In the beginning it was new to me how to write high-quality scientific papers that will be accepted with high probability in distinguishing conferences in computational linguistics but I got solid help from my co-authors and my scientific advisor. Initially I believed that it is more complex to invent a new concept, method, framework, theorem, formula or algorithm and to obtain valuable scientific results than to publish them as paper. I found that this assumption is not exactly true – sometimes it takes more time and effort to publish the scientific results than to obtain them.

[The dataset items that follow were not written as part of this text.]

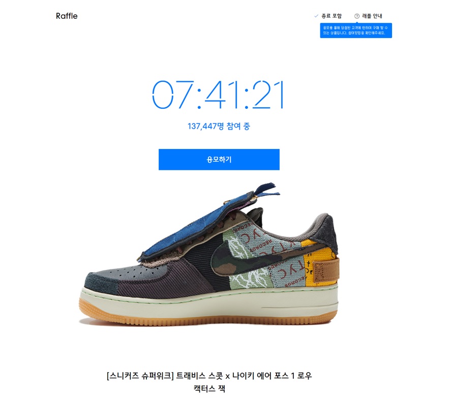 지금은 트래비스 스콧 x 나이키 에어 포스 1 로우 캑터스 잭 신발의 판매가 진행되고 있어 나도 응모했다.
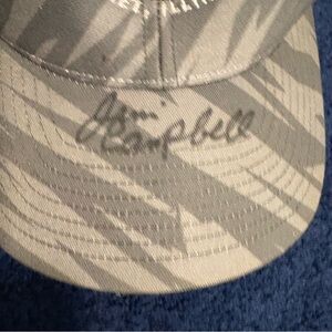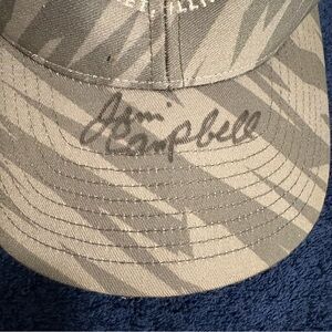 The product is a vintage Route 66 Raceway Joliet trucker hat cap signed by Jim Campbell. This Snap-Back hat is designed for men and features a camo color with a mesh back for breathability. The adjustable snapback closure ensures a comfortable fit, making it a stylish and functional accessory for any racing enthusiast.
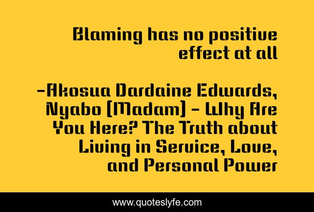 This page presents the quote "Blaming has no positive effect at all". Author of this quote is Akosua Dardaine Edwards, Nyabo (Madam) - Why Are You Here? The Truth about Living in Service, Love, and Personal Power. This quote is about responsibility, why-are-you-here,.

What I learned from my PhD is how to conduct scientific research: how to perform scientific experiments, how to evaluate the obtained results, how to draw motivated conclusions and how to publish the results in a way that will make the reviewers happy. I learned how to write scientific papers with ease: how to structure their content, how to state the proposed ideas as motivated extension of the most recently published scientific achievements (related work), how to present the experiments, how to describe the obtained results in short but clear manner and how to cite related publications. It was nice experience and now I know when I am reading an article whether it is low-quality marketing text or well motivated scientific work.
Graduating PhD Means Really Hard Work!
I started my PhD just as a natural continuation of my high education. I graduated bachelor and masters degrees with excellent results and with ease and I thought PhD will also be easy, but it was different, entirely different.
When I started my PhD work I was author of 4 books and had solid experience as software engineer and trainer so I believed I am good writer and developer and engineer and will cope with the PhD challenge with ease. But conducting scientific research is different. It is not just an application of existing knowledge to solve a specific problem or successfully deliver a software project. It is about inventing new concepts, methods and algorithms, not previously know to anybody. It is about researching open problems, about inventing and experimenting new methods for approaching them and about finding new algorithms and formulating new concepts that could not be found in any book or publication.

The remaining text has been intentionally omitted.